Monday, March 19, 2018

Current Status

Just a quick update as to the overall status of Broadside development


  • Art Assets
    • 100% Complete
  • Coding
    • 66% Complete
      • Major features yet to be implemented are city markets, the city ship fitting interface, player zone transfers, and player created trading companies
      • There's lots of minor code work in virtually all the other features still to do as well, but pretty much all of the high level features other than listed above have been more or less implemented
  • Implementing all ships and items in the game
    • 10% Complete
      • Has lots of dependencies on uncompleted code still, the market system being the majority of it
  • Building out all the terrain for the whole world for all zones
    • 1% Complete
      • The only dependency this is waiting on is the code for determining when a player should be moved to a new zone to be written, which is planned after the market system is complete

The game will start focusing more on game play testing and player feedback starting about 3 months from now.  The current plan is to follow that with an official closed beta before the end of this year. Whether to go with a soft launch open beta off our own site, an official "early access" release through Steam, or just a regular full on release will depend on how well the closed beta goes. 

Wednesday, March 14, 2018

Universal Game Time and the Day/Night Cycle

Recent development has all been around ship combat, and most recently creating item drops.  Next in that development is adding the UI interface to access item drops and choosing what you may want to move to your cargo hold, and the same interface will be used for gathering resources from the sea, such as fishing or whaling.  Following that will be a similar interface for managing cargo at ports, and outfitting your ship, and after that is done work will begin on the market system for buying and selling items at port.

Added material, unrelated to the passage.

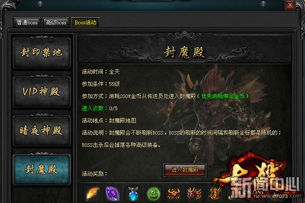 ¡¡¡¡¡¶Æßɱ¡·“·âħµî”¸±±¾È«Ì쿪·Å£¬Íæ¼ÒµÈ¼¶ÔÚ55¼¶ÒÔÉϼ´¿É½øÈ룬ÿÈËÿÌìÓÐ5´Î½øÈë»ú»á¡£·âħµîÖл᲻¶Ïˢи÷ÖÖBOSS£¬Íæ¼Ò½«BOSS»÷ɱºó¾ÍÓлú»á»ñµÃµôÂäµÄ¸÷ÖÖ×°±¸£¬ÇҸø±±¾ÖеÄ×°±¸ÊµÁ¦½ÏÇ¿´ó¡£

I call what I've been in lately "item hell", because even though these are central components of the game, they are not very satisfying to work on, let alone extremely complicated and delicate systems.  After responding to a thread on the Unity forums about implementing a day/night cycle, I decided to go off on a tangent and do the same in Broadside right now instead of later.  A day/night cycle was always in the required features list for Broadside, so this was getting done sometime soon no matter what.  It also bothered me that this was the last remaining feature of the early prototype version of Broadside Online that has not been implemented in the current iteration.

Universal Game Time


So the world in Broadside is chopped up into a long series of zones, each managed by their own server instance.  Broadside is a game that will cover the entire world, at least what is accessible from the oceans, so I wanted the day/night cycle to reflect that.  So when you are in the same zone as London, it will be a completely different time of day than in Bombay.

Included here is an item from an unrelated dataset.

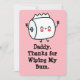 Celebrate a special milestone with this Funny First Father's Day Card—a cheeky and heartfelt way to honour the amazing dads out there, especially new fathers. This playful card features the humourous message: “Daddy, Thanks for Wiping My Bum”, making it a perfect gift from a baby son or daughter. Whether it's Daddy’s first Father's Day, his birthday, or just a sweet surprise to brighten his day, this card is sure to make him laugh and feel appreciated.

Most zone servers though are not active at any given time.  The world is so huge, that it is silly to be wasting server resources simulating a zone if no player is currently occupying it.  So zones will be started and stopped all the time as players move around the game world.  There needs to be some central authority on the time of day for the game world even when a zone server is offline, so it will know what time of day it is when it eventually starts up.  The Tracker server mentioned in an early blog entry is that server.

So the Tracker server will maintain what I call Universal Game Time.  This is the time of day in seconds at longitude 0.  Effectively London time for this discussion.  When the Tracker server starts up it will always be UGT 0, which is midnight in London, and the Tracker server continually increments this at a multiple of real time.  Right now the plan is to have an entire day/night cycle take 2 hours, but that is easily adjustable when getting to the later polishing phase of development.

When a zone server starts up, it already makes a connection to the Tracker server for other reasons, such as player chat functionality and character skills updates.  Now when a zone server first connects, the Tracker server will respond with the current UGT.  The zone server then applies an offset to the UGT based on roughly what longitude the contents of the zone server represent.  The zone server then increments its own local time independently using its TimeController.  To avoid drift from UGT over long running periods, the Tracker server will periodically send updates to all active zone servers.

When a client connects to the zone server, one of the last things it does is spawn the player's ship object.  This occurs after everything else is set up, including the client copy of the TimeController, so is the perfect time to tell the client what local time it is.  Once the client receives the local time, it orients the directional light (the sun), and adjusts global illumination and fog colors to match the current time.  The client copy of TimeController then increments local time on its own, receiving updates at noon and midnight from the zone server to correct any drift.  The TimeController on the client continually adjusts the sun direction and all other day/night cycle variables, and also handles requests from objects with torches to tell them whether they should be lit or not.

Not too complicated, just thought you might think it was a bit interesting how the system works.